Records for this exercise =>
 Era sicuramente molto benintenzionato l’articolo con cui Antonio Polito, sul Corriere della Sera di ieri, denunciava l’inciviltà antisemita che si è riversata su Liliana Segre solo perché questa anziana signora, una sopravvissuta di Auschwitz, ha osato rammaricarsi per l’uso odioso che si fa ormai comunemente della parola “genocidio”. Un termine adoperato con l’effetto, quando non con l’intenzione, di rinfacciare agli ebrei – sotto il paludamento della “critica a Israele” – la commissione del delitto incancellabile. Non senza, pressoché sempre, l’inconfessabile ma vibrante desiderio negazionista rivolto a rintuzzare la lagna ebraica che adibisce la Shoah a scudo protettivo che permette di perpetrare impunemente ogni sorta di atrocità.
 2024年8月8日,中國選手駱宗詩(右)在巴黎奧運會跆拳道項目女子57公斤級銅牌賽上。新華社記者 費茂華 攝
---
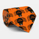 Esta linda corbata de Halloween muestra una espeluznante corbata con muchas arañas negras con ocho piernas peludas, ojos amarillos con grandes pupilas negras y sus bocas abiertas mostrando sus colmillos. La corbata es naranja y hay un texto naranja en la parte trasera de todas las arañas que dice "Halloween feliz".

Instructions to follow => From the records above, transcribe exactly the run of lines that opens with the line holding "Era sicuramente molto" and closes with the line holding "2024年8月8日,中國選手駱宗詩(右)在巴黎奧運會跆拳道項目女子57公斤級銅牌賽上。新華社記者 費茂華 攝", both included.

Expected output =>
 Era sicuramente molto benintenzionato l’articolo con cui Antonio Polito, sul Corriere della Sera di ieri, denunciava l’inciviltà antisemita che si è riversata su Liliana Segre solo perché questa anziana signora, una sopravvissuta di Auschwitz, ha osato rammaricarsi per l’uso odioso che si fa ormai comunemente della parola “genocidio”. Un termine adoperato con l’effetto, quando non con l’intenzione, di rinfacciare agli ebrei – sotto il paludamento della “critica a Israele” – la commissione del delitto incancellabile. Non senza, pressoché sempre, l’inconfessabile ma vibrante desiderio negazionista rivolto a rintuzzare la lagna ebraica che adibisce la Shoah a scudo protettivo che permette di perpetrare impunemente ogni sorta di atrocità.
 2024年8月8日,中國選手駱宗詩(右)在巴黎奧運會跆拳道項目女子57公斤級銅牌賽上。新華社記者 費茂華 攝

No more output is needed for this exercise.